0
votes

The following example is taken from the Donovan/Kernighan book:

func makeThumbnails6(filenames <-chan string) int64 {
    sizes := make(chan int64)
    var wg sync.WaitGroup // number of working goroutines
    for f := range filenames {
        wg.Add(1)
        // worker
        go func(f string) {
            defer wg.Done()
            thumb, err := thumbnail.ImageFile(f)
            if err != nil {
                log.Println(err)
                return
            }
            info, _ := os.Stat(thumb) // OK to ignore error
            sizes <- info.Size()
        }(f)
    }
    // closer
    go func() {
        wg.Wait()
        close(sizes)
    }()
    var total int64
    for size := range sizes {
        total += size
    }
    return total
}

And the book states:

"These two operations, wait and close, must be concurrent with the loop over sizes. Consider the alternatives: if the wait operation were placed in the main goroutine before the loop, it would never end"

This is what I do not understand - if they are not put in separate goroutine, then wg.Wait will block the main goroutine, so close(sizes) will happen when all other goroutines finished. Closing the sizes channel will still allow the loop to read all the already sent messages/ from channel, right?

1

1 Answers

1
votes

Closing the sizes channel will still allow the loop to read all the already sent messages/ from channel, right?

Yes, but that's not the problem. All goroutines are waiting to read from channels (and therefore, nobody will ever write to them).
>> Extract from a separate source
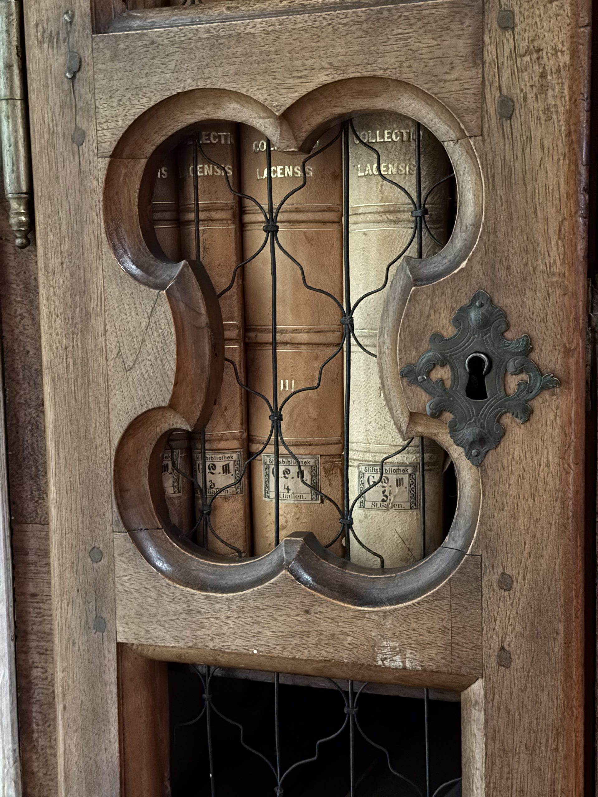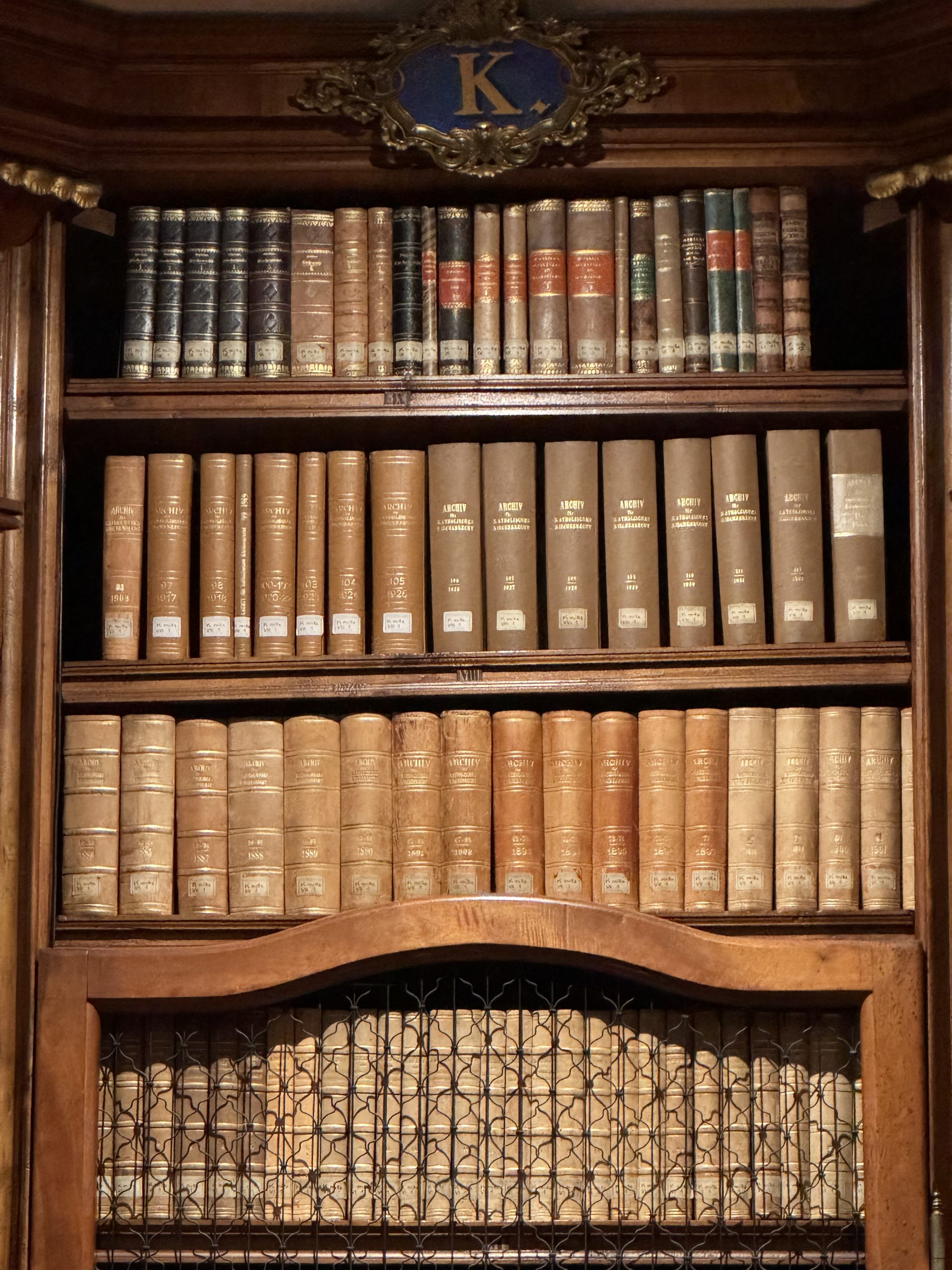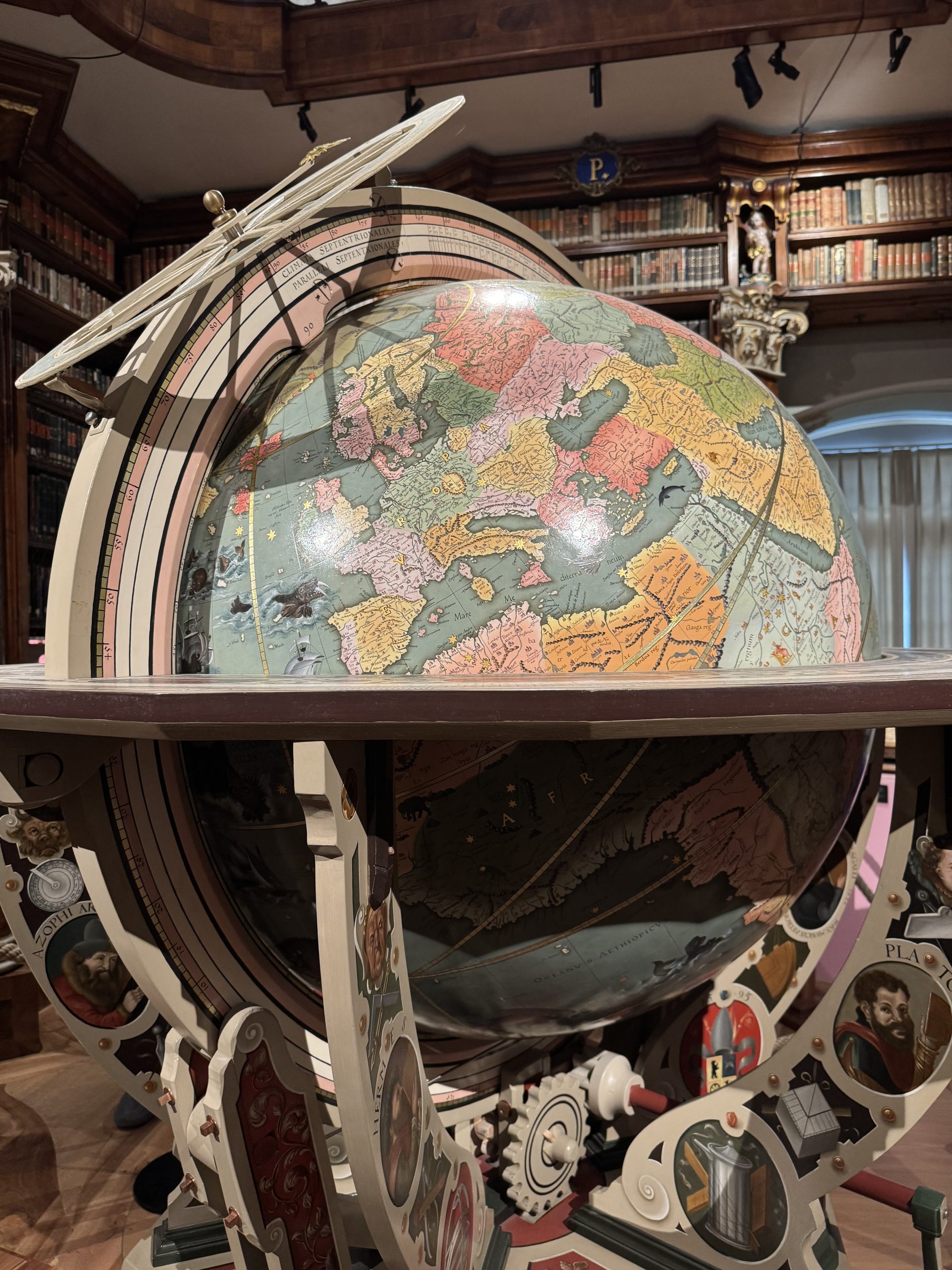 I tried to take in the details one at a time to make sense of everything we were seeing. Intricately carved, polished wooden shelves stretched from floor, up to high balconies, where even more books reached the ceiling. A thousand intricate details – every corner, curved shelf and railing was ornate, carved, decorated. Cherubs, gilt edgings, ornate plaques with gold lettering showing the alphabetical cataloguing of the books.

So the process will deadlock if sizes is unbuffered. For the workers to complete, something needs to read from it. For wg.Wait() to complete, the workers need to complete.

But also, the range sizes can't complete (eg find an empty, closed channel) until close(sizes) happens, which can't complete until the workers are complete (because they're the ones writing to sizes).

So it's wg.Wait() and close(sizes) both have to complete before range sizes that happen concurrently.